使用df读取该文件，并提取matched_fagui字段里的数据到新的df中

    df = pd.read_json(r"../data/faguis_regrab.jsonl", orient="records", lines=True)

    res = df['matched_fagui'].explode().to_list()
    df = pd.DataFrame(res)

6、join关联查询及重命名列名

    unfound_dayi_df = pd.read_json(r"../data/faiss/fuzzy_unfounded_dayis.jsonl", orient="records", lines=True)
    dayi_df = pd.read_json(r"../data/etled_dayi_for_faiss.jsonl", orient="records", lines=True)
    # 执行 join 操作
    result = pd.merge(dayi_df, unfound_dayi_df, left_on='id', right_on='dayi_id', how='inner')
    # 选择需要的字段
    result = result[['id', 'title', 'cleared_title_x']]
    # 重命名字段（merge方法有个suffixes参数，可指定同名列的后缀，默认是：("_x", "_y")）
    result = result.rename(columns={'cleared_title_x': 'cleared_title'})

7、自定义函数筛选数据

def filter_row(title):
    return not cu.is_str_contains_any_element_of_array(title, get_area_infos())

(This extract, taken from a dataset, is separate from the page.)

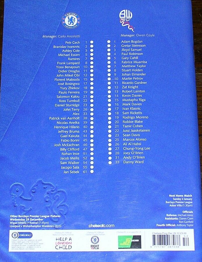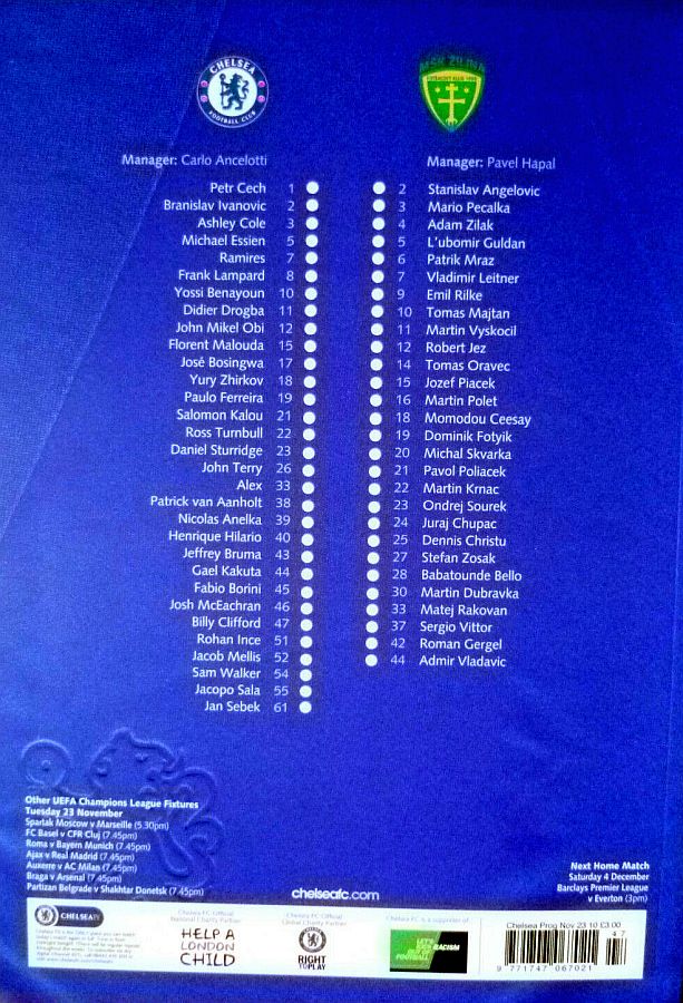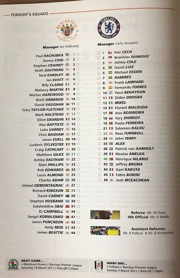22 Ross Turnbull, 10 Yossi Benayoun, 12 Mikel Obi, 18 Yuri Zhirkov |

df = df[df.apply(lambda row: filter_row(row['title']), axis=1)]

自定义的函数需要返回True或False

8、按照列值自然排序

sub_df = sub_df[
            ['nid', 'oid', 'answer', 'answer_html', 'publish_date', 'data_source', 'channel', 'original_source',
             'branch', 'priority']]
        sub_df = sub_df.sort_values(by=['priority', 'publish_date'], ascending=[True, False])

以上代码，先按照priority升序，再按照publish_date降序。